Hasta ahora, los esfuerzos del Gobierno en atención a la crisis económica tienen un importante énfasis en brindar auxilios a las empresas, ofrecer líneas de crédito, subsidios a la nómina y otros alivios financieros para prevenir el cierre y el consecuente despido de trabajadores.

Desafortunadamente, esto es más anuncio que realidad, ya que, como se sabe, dichos auxilios no solo han sido insuficientes, sino que incluso hoy -más de tres meses después de iniciado el confinamiento- pequeños y medianos empresarios señalan todo tipo de trabas para acceder a ellos. Peor aún, preocupa que la vigencia de varios de los apoyos termina pronto.

Entre las mipymes, que concentran cerca de 80% del empleo nacional, se califica a las líneas de crédito como de difícil acceso y se manifiestan desembolsos apenas de 22% de los recursos anunciados. Esto, en un contexto donde los ingresos y la cartera se deterioran y se pide mayor efectividad en la ejecución de las medidas.

Más allá de estas percepciones, al evaluar los resultados de la política, aparecen más de 5,4 millones de empleos destruidos en los últimos dos meses, según cifras oficiales, mientras que en los medios de comunicación se vuelven paisaje las duras imágenes de negocios que cierran todos los días. Podría argumentarse que la situación sería mucho peor en ausencia de las políticas del gobierno, pero, es claro que estamos hablando de cifras con las que es imposible celebrar.
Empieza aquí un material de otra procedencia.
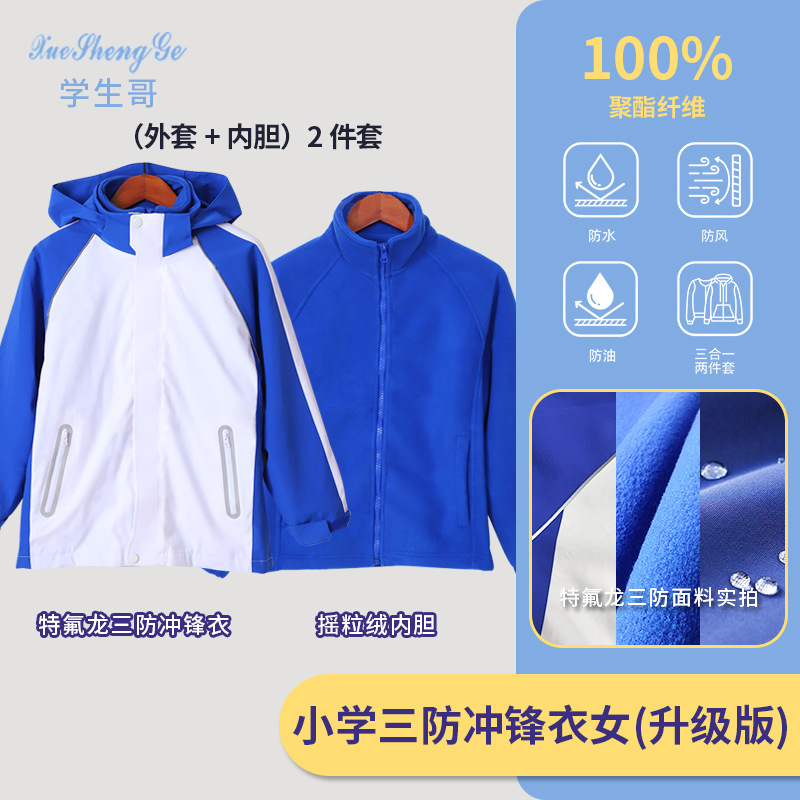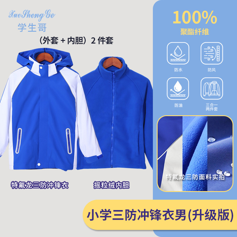 심천 초등학교 유니폼 재킷 투피스 세트 기모 두꺼운 3 대 1 이동식 조끼 방풍 방수 및 내유성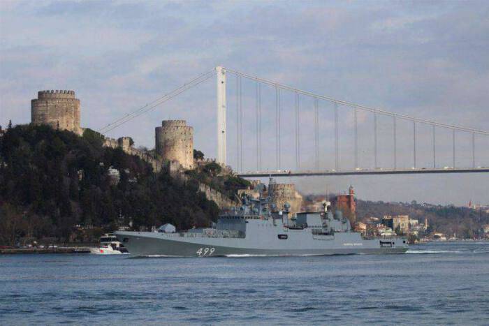 วิดีโอที่โพสต์บนโซเชียลนั้นเผยให้เห็นเรือรบรัสเซียสองลำคือ Admiral Grigorovich และ Admiral Makarov แล่นผ่านช่องแคบบอสพอรัสซึ่งเป็นจุดเดินเรือสำคัญที่ควบคุมโดยตุรกี เพื่อไปยังชายฝั่งของซีเรีย

Además, el contrafactual pierde validez cuando se hacen análisis comparados donde gobiernos en otros países han decidido, de verdad, y de manera ágil, evitar la destrucción del tejido empresarial.

Ahora, las políticas puestas en marcha apuntan a proteger a las empresas que han sobrevivido a la cuarentena, pero dejan de lado un elemento fundamental para la reactivación económica que es la recuperación de los empleos perdidos. Esto, a su vez, se traduce en limitaciones en la demanda y pone en riesgo la supervivencia post pandemia.

Es decir, de poco sirve que las empresas no cierren durante los próximos meses si, por razones como el desempleo creciente, los colombianos carecen de los recursos para comprar los bienes y servicios que ellas ofrecen. Los estímulos a la demanda han sido prácticamente inexistentes y la atención a los sectores más vulnerables se limita a apoyos para garantizar la subsistencia.

La protección del tejido empresarial exige auxilios que deben ser más ágiles y de mayor alcance. Pero también siguen ausentes los grandes programas transformadores que reclama una situación como la actual, que permitan la generación de empleos y contribuyan a la demanda que requieren las empresas una vez pase la tormenta. En este frente todavía hay mucho por hacer.